Employer Identification No.) |
111 Moorings Dr., Lantana, Florida 33426
(Address of principal executive offices)
(561) 560-4302
(Registrant’s telephone number, including area code)
N/A
(Former name or former address, if changed since last report)
Check the appropriate box below if the Form 8-K filing is intended
to simultaneously satisfy the filing obligation of the registrant
under any of the following provisions:
☐ Written communications pursuant to Rule 425 under the Securities
Act (17 CFR 230.425)
☐ Soliciting material
pursuant to Rule 14a-12 under the Exchange Act (17 CFR
240.14a-12)
☐ Pre-commencement
communications pursuant to Rule 14d-2(b) under the Exchange Act (17
CFR 240.14d-2(b))
☐ Pre-commencement
communications pursuant to Rule 13e-4(c) under the Exchange Act (17
CFR 240.13e-4(c))
Securities registered pursuant to Section 12(b) of the Act:
Title
of Each Class |
Trading Symbol |
Name of Exchange on Which Registered |
None |
None |
None |
Indicate by check mark whether the registrant is an emerging growth
company as defined in Rule 405 of the Securities Act of 1933
(§230.405 of this chapter) or Rule 12b-2 of the Securities Exchange
Act of 1934 (§240.12b-2 of this chapter). ☒
If an emerging growth company, indicate by check mark if the
registrant has elected not to use the extended transition period
for complying with any new or revised financial accounting
standards provided pursuant to Section 13(a) of the Exchange Act.
☐
Item 5.01 Changes in Control of Registrant.
On March 24, 2020, Saveene.Com Inc., a Delaware corporation (d/b/a
Saveene) (the “Purchaser”) acquired 50,000,000 shares of Series A
Convertible Preferred Stock (the “Preferred Stock”) of Thunder
Energies Corporation (the “Company”), from Mina Mar Group Corp, a
Florida corporation. Each
share of Preferred Stock is entitled to fifteen (15) votes per
share and at the election of the holder converts into ten (10)
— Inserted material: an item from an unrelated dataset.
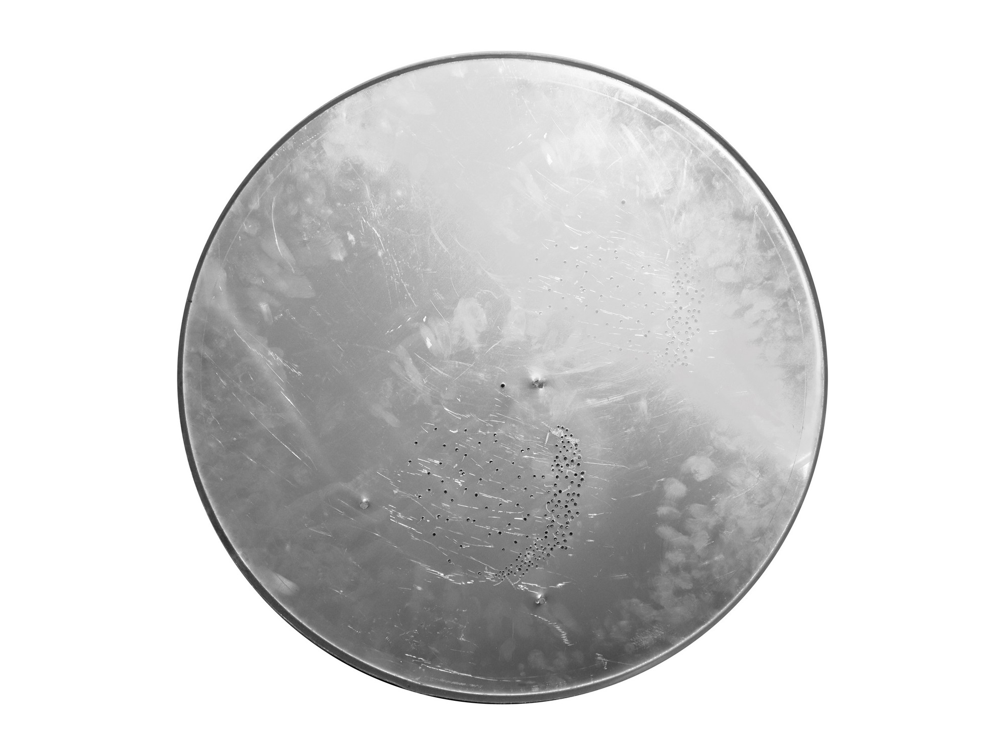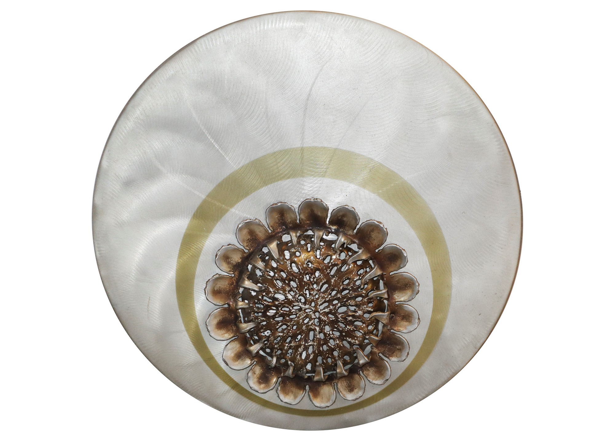 Pannello decorativo in metallo satinato, 60's diametro cm 60 Nello stile di studio Davico. Di forma circolare con applicato elemento fitomorfo in metallo stilizzato e brunito. Segni di uso.

shares of Company common stock, so at the completion of the stock
purchase, the Purchaser owns approximately 98.6% of the fully
diluted outstanding equity securities of the Company and
approximately 99% of the voting rights for the outstanding equity
securities. The purchase price of $500,000.00 for the Preferred
Stock was paid in cash. The consideration for the purchase was
provided to the Purchaser from the private funds of the principal
of the Purchaser. The purchase of the Preferred Stock was the
result of a privately negotiated transaction and consummation of
the purchase resulted in a change of control of the
Company.
In connection with the sale of the Preferred Stock, all existing
officers, directors and board members with the Company remained
undisturbed.
Except as described herein, there are no arrangements or
understandings among members of both the former and new control
persons and their associates with respect to the election of
directors of the Company or other matters.
Item 8.01 Other Events
On March 24, 2020, Thunder Energies, Inc. announced its operational
affiliate plans with Saveene.Com Inc. (Saveene) the preferred
shareholder. Under the agreement, Saveene will grant Thunder
Energies access to several yachts and jets for the purpose of
offering these vessels to the end-user and the general public for
sale and or charter. Additionally, Thunder Energies will gain
access to several patent-pending technologies the entire Saveene
back office that focuses on the yacht and jet industry sector. This
operational affiliate plan with Saveene.Com will allow Thunder
Energies to offer a white-label type solution and OEM or original
equipment manufacturer under Thunder Energies, Inc. own brand name
being Nacaeli brand dispensing the need to acquire and carry any
inventory. All future Thunder Energies, Inc. and or Nacaeli brand
fulfillment orders general maintenance, and upkeep matters such as
mechanical repair, buffering, and similar will be outsourced other
than administrative operational and corporate governance tasks.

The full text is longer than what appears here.